Rabbi Shmuel Herzfeld of Ohev Sholom-The National Synagogue in Washington, D.C., protested Trump’s 2016 speech at the AIPAC conference while wearing a prayer shawl. But he studiously avoids talking politics in synagogue.
Herzfeld’s first sermon focused on his experience volunteering to clean up Houston following Hurricane Harvey. His Yom Kippur sermon will be about the Charlottesville rally, but it won’t mention Trump. And though he has titled the sermon “Removing Our Walls,” Herzfeld insisted to JTA that he is not alluding to the border wall with Mexico that Trump has proposed.
“This group of Nazis was trying to put up walls between different communities,” he plans to say in the Yom Kippur sermon, referring to the marchers in Charlottesville. “If we are an ‘us against them’ world, an ‘us against them country’ and an ‘us against them community,’ then we are all in big trouble.”
Davidson is one of several prominent rabbis who used their pulpit on the holiest days of the year to criticize the president. Some are open about their politics and said opposition to Trump was either a matter of consensus in the congregation, or his actions have been too egregious to ignore.

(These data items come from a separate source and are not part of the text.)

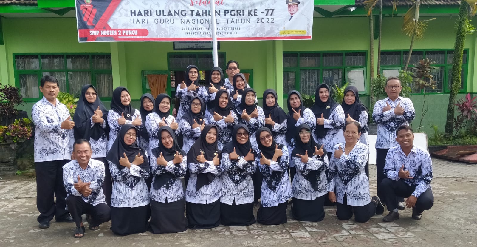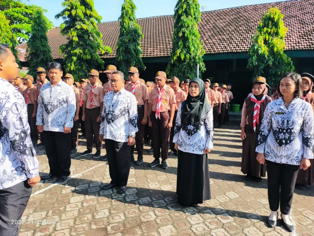 Warga SMPN 2 Puncu melaksanakan upacara bendera pada hari Jumat, 25 November 2022 dalam rangka memperingati Hari Guru Nasional dan HUT PGRI ke-77. Upacara kali ini sangat istimewa karena seluruh petugasnya adalah bapak dan ibu guru SMPN 2 Puncu.
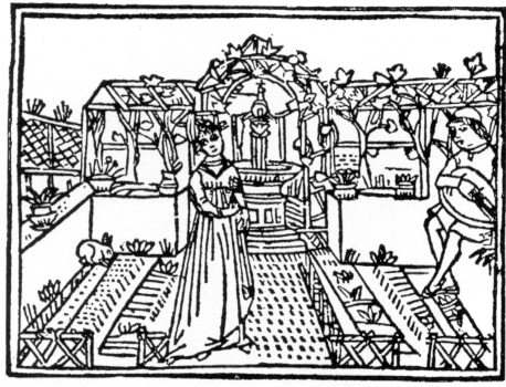 A woodcut of a woman in a medieval kitchen gardenThough Judith’s lovely post goes on to discuss women and the garden as a literary device, at this point I was temporarily lost in the beauty of imagined gardens. This kind of beauty seems to be a part of us all—who doesn’t visit a garden from time to time or if given the time and resources, surround their home with greenery and colorful blooms?
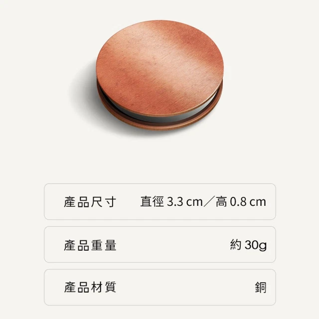 尺寸:直徑約 3.3 公分(cm),高度約 0.8 公分(cm)|重量:約 30 公克(g)|材質:銅 (因無化學塗劑防鏽,銅鏽是自然現象)|顔色:古典銅|内含符號:佛、觀音

“This isn’t a time for us to be silent or to be too careful not to offend anybody,” said Rabbi Sharon Brous of Ikar, an independent congregation in Los Angeles. “But instead, it’s a time for us to speak as clearly as we possibly can about the dangers we are facing as a community and a nation.”
On the first day of Rosh Hashanah, Brous in her sermon accused Trump of making America “a place in which anti-Semitism is condoned by the state.” She also criticized establishment Jewish organizations for not speaking out enough against Trump for what she said are rhetoric and actions condoning the white supremacists.
Brous has opined publicly about her politics in the past and delivered an invocation at President Barack Obama’s 2013 inauguration. Her second-day Rosh Hashana sermon this year advocated reparations for African-Americans.
“Many of our Jewish institutions failed to find the words to condemn the spike in anti-Semitic attacks that coincided with the 2016 presidential campaign,” Brous said in the first-day sermon, adding that they “failed to speak out against white nationalist sympathizers — men who have trafficked in anti-Semitism and racism for years — becoming senior White House officials.”
Rabbi Sharon Kleinbaum of Congregation Beit Simchat Torah, an LGBT synagogue in Manhattan, likewise accused Trump of cozying up to anti-Semites. Her whole congregation opposes the president, she said, so calling him out was not a risk.
“I don’t think everyone agrees with me on everything, but overall our congregation is horrified at what’s happening in our country,” Kleinbaum said. “As Jews who are all immigrants, we’re horrified. As gay people, we’re horrified at the gender violence.”
In May, Trump signed an executive order allowing clergy to endorse or oppose candidates from the pulpit. The order effectively repealed the Johnson Amendment, which threatened the tax-exempt status of religious institutions if they appeared partisan.
While a range of Jewish groups criticized the order as eroding the separation of church and state, Trump characterized it as an expansion of freedom of religion.
Another rabbi unafraid to get political, Menachem Creditor of Congregation Netivot Shalom in Berkeley, California, sermonized about not becoming ensnared in the now-endless stream of headlines and presidential tweets. While he stressed that his point was not to be consumed by any one issue, his sermon did criticize Trump’s policies on immigration and climate change.
He also spoke about the virtue of mixing religion and politics, which has been a hallmark of his career. An outspoken advocate for immigrant rights and gun control, Creditor announced recently that he would be leaving his pulpit to become a full-time activist.
“I think the posture of religion has always been within the world,” he told JTA. “Even the most devout of religious communities all band together to vote in certain patterns, act in certain patterns to influence the world. To abdicate that responsibility is to become islands and ultimately self-idolize.”